Now each group contains 2 elements. After level 1, the list become:

```
level 2 1, 3, 5, 6, 2, 4, 7
```

Now each group contains 2^2 = 4 elements. After level 2, the list become:

```
level 3 1, 2, 3, 4, 5, 6, 7
```

Now, 2^3 > 7, stop.

Time complexity:

In each level, each node is visited by at maximum twice. And there are log(n) level.

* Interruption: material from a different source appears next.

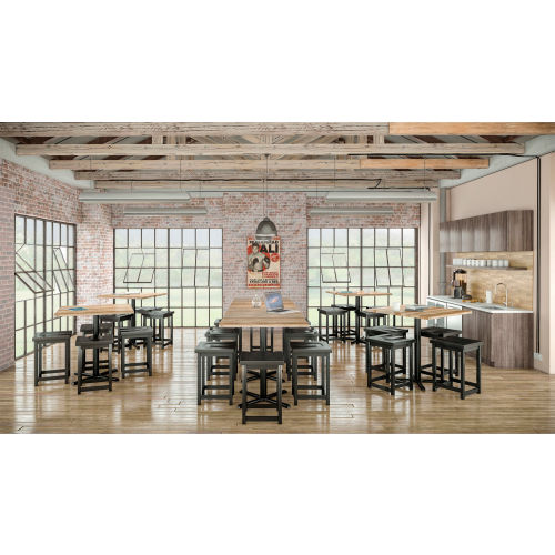 Get the warmth and feel from real wood with these vintage tops from KFI's Urban Loft Collection. These Cafe tables are great for break areas, casual meeting and collaborative spaces both large and small. The solid wood table top is made from the heartwood of the a Poplar tree for exceptional durability. Each 1.25" top is individually unique with natural variations in color and grain. Knots and saw cuts add to the look and feel of vintage wood. The top coat is a UV cured, water base finish. This technology minimizes hazardous air pollutants without sacrificing durability and performance. It's resistant to spills, stains, water and abrasions yet eco-friendly and formaldehyde free. The black X-Base has a 3" diameter 16 gauge column and cast iron base with floor glides. Made in the USA.
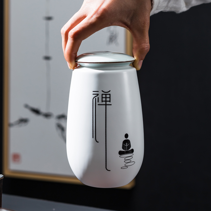 Matte sealed tea pot Zen ceramic Pu'er tea box tea packaging pot sealed storage tank storage tea pot medium size

Thus the time complexity is O(2n* log n ) => O( n* log n )

Here is the code:

```
public class Solution {
private class MergeHelper {
public ListNode newHead;
public ListNode newTail;
}
public ListNode sortList(ListNode head) {
if ( head == null || head.next == null) {
return head;
}
ListNode dummyHeadOne = new ListNode(0);
ListNode dummyHeadTwo = new ListNode(0);
ListNode dummySortedHead = new ListNode(0);
ListNode dummySortedLast = dummySortedHead;
ListNode unvisitedNode = head;
MergeHelper mergeRst = new MergeHelper();
int listLength = 0;
int level = 0;
while ( unvisitedNode != null && unvisitedNode.next != null ) {
unvisitedNode = addNode ( dummyHeadOne, unvisitedNode, 1<<level);
unvisitedNode = addNode ( dummyHeadTwo, unvisitedNode, 1<<level);
merge ( dummyHeadOne.next, dummyHeadTwo.next, mergeRst);
dummySortedLast.next = mergeRst.newHead;
dummySortedLast = mergeRst.newTail;
listLength += 2;
}
if (unvisitedNode != null) {
dummySortedLast.next = unvisitedNode;
listLength ++;
}
level ++;
while ( listLength > 1 << level) {
dummySortedLast = dummySortedHead;
unvisitedNode = dummySortedHead.next;
while (unvisitedNode != null) {
unvisitedNode = addNode ( dummyHeadOne, unvisitedNode, 1<<level);
unvisitedNode = addNode ( dummyHeadTwo, unvisitedNode, 1<<level);
merge ( dummyHeadOne.next, dummyHeadTwo.next, mergeRst);
dummySortedLast.next = mergeRst.newHead;
dummySortedLast = mergeRst.newTail;
}
level ++;
}
return dummySortedHead.next;
}
/* merge listOne and listTwo.
Save the sorted list head into rst.newHead
Save the last node of the sorted list into rst.newTail
*/
private void merge (ListNode listOne, ListNode listTwo, MergeHelper rst) {
ListNode dummyHead = new ListNode (0);
ListNode lastNode = dummyHead;
while (listOne != null && listTwo != null) {
if ( listOne.val < listTwo.val ) {
lastNode.next = listOne;
listOne = listOne.next;
} else {
lastNode.next = listTwo;
listTwo = listTwo.next;
}
lastNode = lastNode.next;
}
while (listOne != null) {
lastNode.next = listOne;
listOne = listOne.next;
lastNode = lastNode.next;
}
while ( listTwo != null ) {
lastNode.next = listTwo;
listTwo = listTwo.next;
lastNode = lastNode.next;
}
rst.newHead = dummyHead.next;
rst.newTail = lastNode;
}
/*
add at max #"count" nodes into "head" from "source"
return the new position of source after adding.
*/
private ListNode addNode ( ListNode head, ListNode source, int count ) {
while (count > 0 && source != null) {
head.next = source;
head = head.next;
source = source.next;
count --;
}
head.next = null;
return source;
}}
```

Space complexity:

There are no recursion calls in this solution. Thus the maximum number of function calls is constant.

The number of dummy nodes is constant.

Thus the auxiliary space complexity is O(1).